Geçenlerde bir televizyon programında Sayın Kılıçdaroğlu, Başbakanın dillendirdiği kendi yolsuzluk dosyası hakkında kendi açısından gerekli açıklamaları yaptıktan sonra o bildiğimiz edasıyla; 'ben söylersem bilin ki doğrudur, Sayın Başbakan çok istiyorsa teklif getirsin benim dosyamın önündeki engelleri kaldıralım' dedi. Sayın Kılıçdaroğlu'ndan böyle bir öneriyi örnek bir davranışla kendisinin getirmesini beklerdim.
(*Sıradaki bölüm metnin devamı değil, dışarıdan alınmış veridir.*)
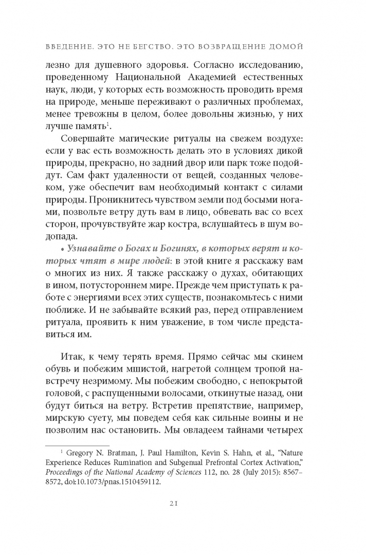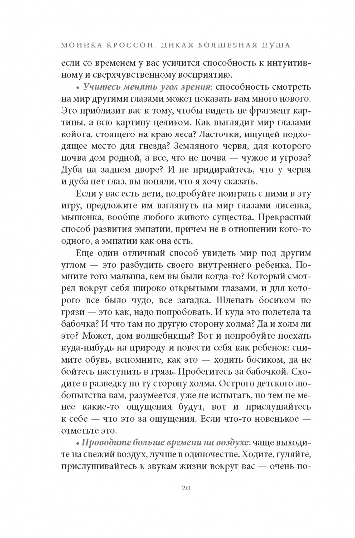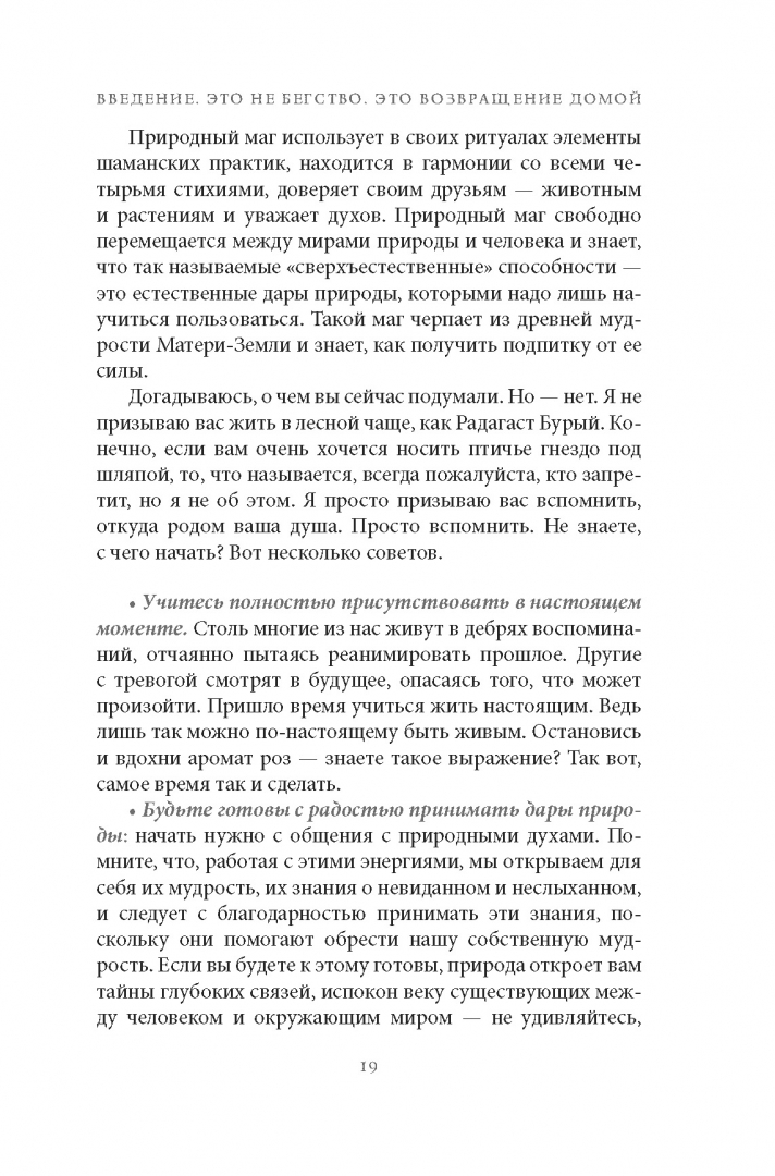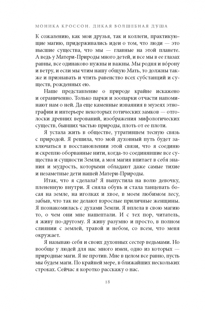 ОписаниеВплетите природную магию в свою жизнь! Пробудите древнюю волшебную силу, что дремлет в каждом из нас, и заряжайтесь ее мощью, чтобы развить магические навыки и углубить ведьмовской опыт. Практики, заклинания и обряды Моники Кроссон, опытной ведьмы, поспособствуют трансформации вашего духа и помогут соединиться с мудростью Природы. Осознанный контакт с миром растений и животных приближает нас к истокам, дарит уникальные переживания и помогает ощутить поддержку целой Вселенной! Прогулки по таинственным чащобам, покорение гор, погружение в пучину вод, бег по лугам или неспешный променад по дорожкам в парке... Наблюдение за птицами и насекомыми, игра с домашними питомцами, уход за растениями… Вы узнаете, как эти занятия можно превратить в магическую практику, доступную всем, кто чувствует радость от общения с природным миром."Итак, к чему терять время. Прямо сейчас мы скинем обувь и побежим мшистой, нагретой солнцем тропой навстречу незримому. Мы побежим свободно, с непокрытой головой, с распущенными волосами, откинутыми назад, они будут развеваться на ветру. Встретив препятствие, например, мирскую суету, мы поведем себя как сильные воины и не позволим нас остановить. Мы овладеем тайнами четырех стихий: Земли, Воздуха, Огня и Воды. Мы сполна насладимся теми дарами, что может дать нам природа. Мы взглянем на привычный мир новыми глазами. Мы будем необузданны и свободны" (Моника Кроссон).СвернутьВплетите природную магию в свою жизнь! Пробудите древнюю волшебную силу, что дремлет в каждом из нас, и заряжайтесь ее мощью, чтобы развить магические навыки и углубить ведьмовской опыт. Практики, заклинания и обряды Моники Кроссон, опытной ведьмы, поспособствуют трансформации вашего духа и помогут соединиться с мудростью Природы. Осознанный контакт с миром растений и животных приближает нас к истокам, дарит уникальные переживания и помогает ощутить поддержку целой Вселенной! Прогулки по таинственным чащобам, покорение гор, погружение в пучину вод, бег по лугам или неспешный променад по дорожкам в парке... Наблюдение за птицами и насекомыми, игра с домашними питомцами, уход за растениями… Вы узнаете, как эти занятия можно превратить в магическую практику, доступную всем, кто чувствует радость от общения с природным миром."Итак, к чему терять время. Прямо сейчас мы скинем обувь и побежим мшистой, нагретой солнцем тропой навстречу незримому. Мы побежим свободно, с непокрытой головой, с распущенными волосами, откинутыми назад, они будут развеваться на ветру. Встретив препятствие, например, мирскую суету, мы поведем себя как сильные воины и не позволим нас остановить. Мы овладеем тайнами четырех стихий: Земли, Воздуха, Огня и Воды. Мы сполна насладимся теми дарами, что может дать нам природа. Мы взглянем на привычный мир новыми глазами. Мы будем необузданны и свободны" (Моника Кроссон).СвернутьСвернуть

Eskişehir, İzmir gibi CHP'li belediyelere veya herhangi birçok kamu kurumlarına yapılan çeşitli rüşvet, yolsuzluk, görevi kötüye kullanma, ihaleye fesat karıştırma gibi operasyonlarla bu gün yapılanların o açıdan farkı yok; suçu ispatlanana kadar herkes masumsa...
Keşke özellikle emniyetteki o görev değişiklikleri böylesine yaşanmasa. Ama giden de bizim polisimiz gelen de bizim polisimiz, bürokratımız, memurumuzdur. Bu atamaları 'kıyım' olarak değerlendirmek asla doğru değildir. 17 Aralık operasyonunun düğmesine basan savcıya dosyadan el çektiren iktidar değil kendi Başsavcısı olmuş ve şu ifadeyi kullanmıştı: Soruşturma (yanılmıyorsam beş savcı tarafından) devam edecek ne eksik ne fazla. Adı başka işlerle anılan başsavcı vekilini başka yere atayan da HSYK idi.
Sağlık Bakanımızın tabip kimliğiyle 17 Aralık operasyonuna ilişkin güzel ve isabetli yorumu: Ağzımızdaki çürük dişe tedavi uygulayabilir gerekirse bu dişi çekebilirsiniz, ama bu dişi bahane ederek beynimize balyoz vurup bizi öldürmeye hakkınız yok... Yolsuzlukların üzerine gidilmesi konusunda herkes hemfikir, bu gün tartışılan bunun yöntemi ve dolaylı yoldan başka yönlere çekilip zarar boyutunun büyütülmemesi gereğidir. Haklarında iddialar olan bakanların en azından siyaset etiği gereği istifa etmeleri üzerinden onları suçlarını sabit görmek, ülkede her alanda topyekün yolsuzluk varmış havası vermek, hele 'çamur at izi kalsın' mantığıyla insanları lekelemeye çalışmak, insanların bilgi kaynağı olarak bilip güvendiği gazetelerin maalesef 'aşağı mahallede yalan söyleyip, yukarı mahallede kendi inanır' tarzda yayınlar yaparak bir algı oluşturma çabaları doğru değildir. Gerçi geldiğimiz aşamada artık neredeyse hiç kimse yolsuzluk ve rüşveti konuşmaz oldu ama yine de sağduyulu olmak gerek, biz bize lazımız, bizim bizden başka dostumuz yok.